In these last four cases the partnership agreement may provide whether the firm will
be dissolved or not on the happening of any of the four events. Even if the deed
provides that the partnership will not be dissolved on the death or insolvency of a
partner, it does not mean that on the death or insolvency of a partner he ceases to
have interest in the partnership property. In such case his interest in the partnership
property will survive to his heirs in case of his death and to his assignees in case of
insolvency. In the absence of a term in the deed of partnership to that effect, it cannot
be that, the partnership shall continue, and notwithstanding the death of a partner it
will operate to extinguish his proprietary rights in the assets of the Firm.
A partnership can also be dissolved by the Court under the circumstances mentioned
in Section 44 of the Act. Where the partnership is ‘at will’ the partnership can be
dissolved by any partner or partners giving notice of his/their intention to dissolve the
firm.
How to register a Partnership Firm in India:
Partnerships in India are governed by the Indian Partnership Act, 1932. As per the partnership Act, Registration of Partnership Firms is optional and is entirely at the discretion of the partners. The Partners may or may not register their Partnership agreement.

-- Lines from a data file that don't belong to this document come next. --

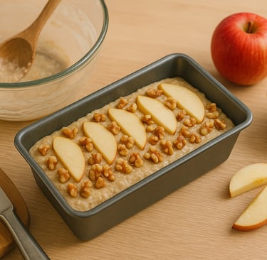 This loaf belongs to the American tradition of "quick breads" that emerged in the mid-1800s with the invention of chemical leavening agents like baking soda and baking powder, revolutionizing home baking by eliminating the need for time-consuming yeast fermentation. During the American Civil War, these quick breads became essential as they required less skilled labour and could be prepared reliably despite shortages. Apple and nut loaves evolved from this practical tradition—dessert breads created for easy transport and enjoyment on any occasion. The pairing of autumn apples with walnuts became a beloved expression of harvest gratitude, transforming simple pantry provisions into nourishing celebrations shared across generations at American family tables.
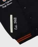 - PATCHES OF EMBROIDERED CHENILLE ON THE LEFT AND RIGHT HEMBODS, THE RIGHT SLEEVE, AND THE BACK
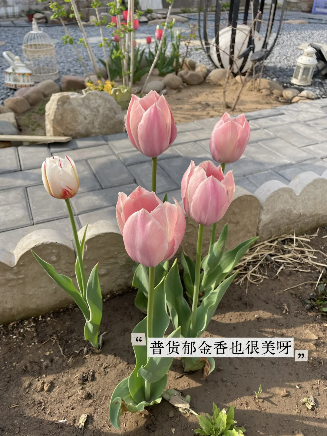 上周开花的郁金香肉色长安还在开着,颜色变浅了很多

However, in case the partnership deed is not registered, they may not be able to enjoy the benefits which a registered partnership firm enjoys.

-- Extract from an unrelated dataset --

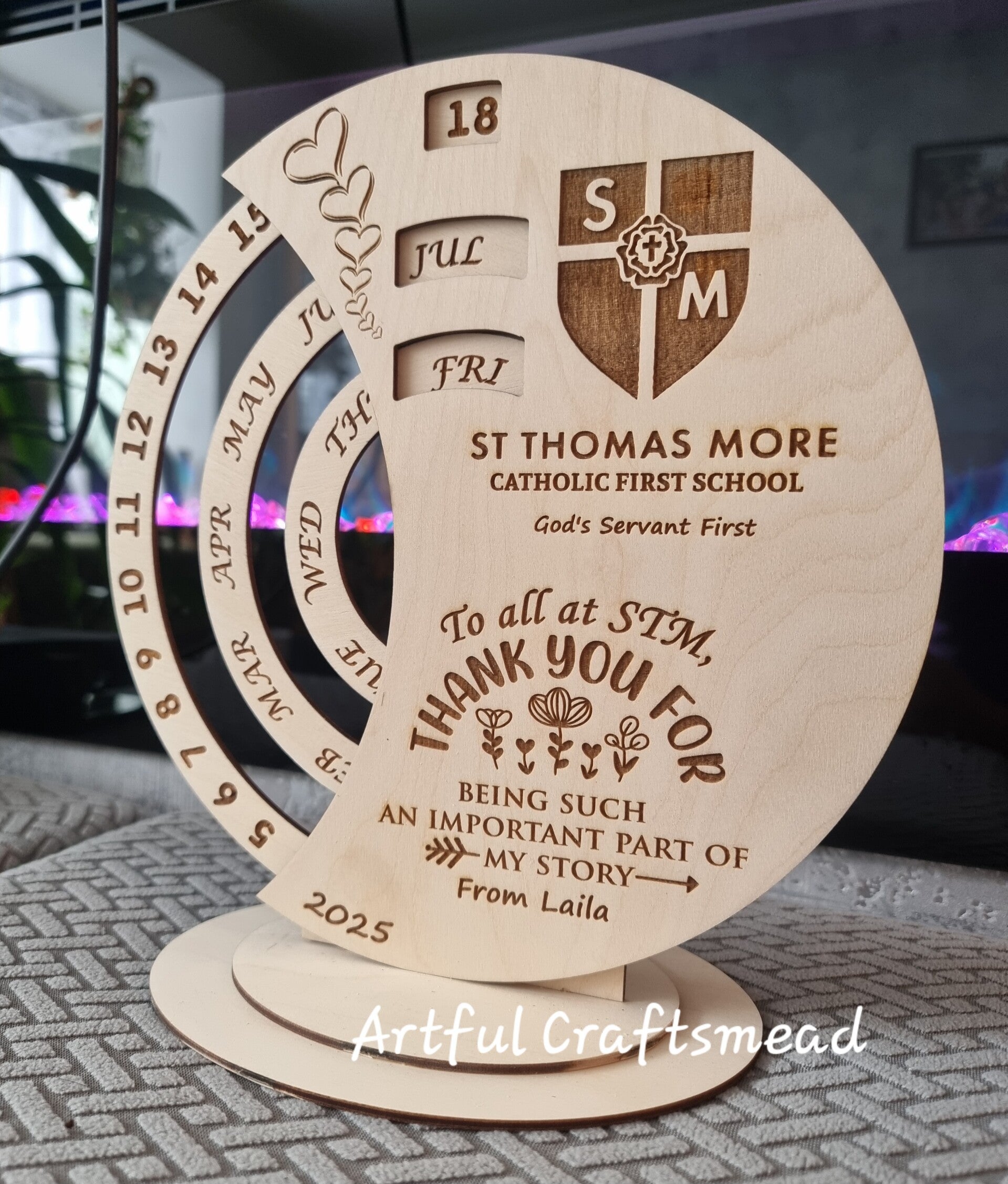 Personalised Wooden Perpetual Calendar • Teacher or School Thank You Gift • Engraved School Leavers Gift 2025

Registration of Partnership Firm may be done before starting the business or anytime during the continuance of partnership. However, where the firm intends to file a case in the court to enforce rights arising from the contract, the registration should be done before filing the case.
The procedure for Registration of Partnership Firms in India is fairly simple. An
application and the prescribed fees are required to be submitted to the Registrar of
Firms of the State in which the firm is situated. The following documents are also
required to be submitted along with the application:-
1. Application for Registration of Partnership in Form No. 1 (Attached copy)
2. Duly filled specimen of Affidavit
3. Certified True Copy of the Partnership Deed
4. Ownership proof of the principal place of business or rental/lease
agreement thereof.
The application or statement must be signed by all the partners, or by
their agents especially authorised in this behalf. When the registrar is
satisfied with the points stated in the partnership deed, he shall record
an entry of the statement in a register called the Register of Firms and
issue a Certificate of Registration
It should however be noted that registration with the Registrar of Firms
is different from Registration with the Income Tax Deptt. It is mandatory
for all firms to apply for Registration with the Income Tax Department
and have a PAN Card.
After obtaining a PAN Card, the Partnership Firm would be required to
open a Current Account in the name of the Partnership Firm and operate
all its operations through this Bank Account.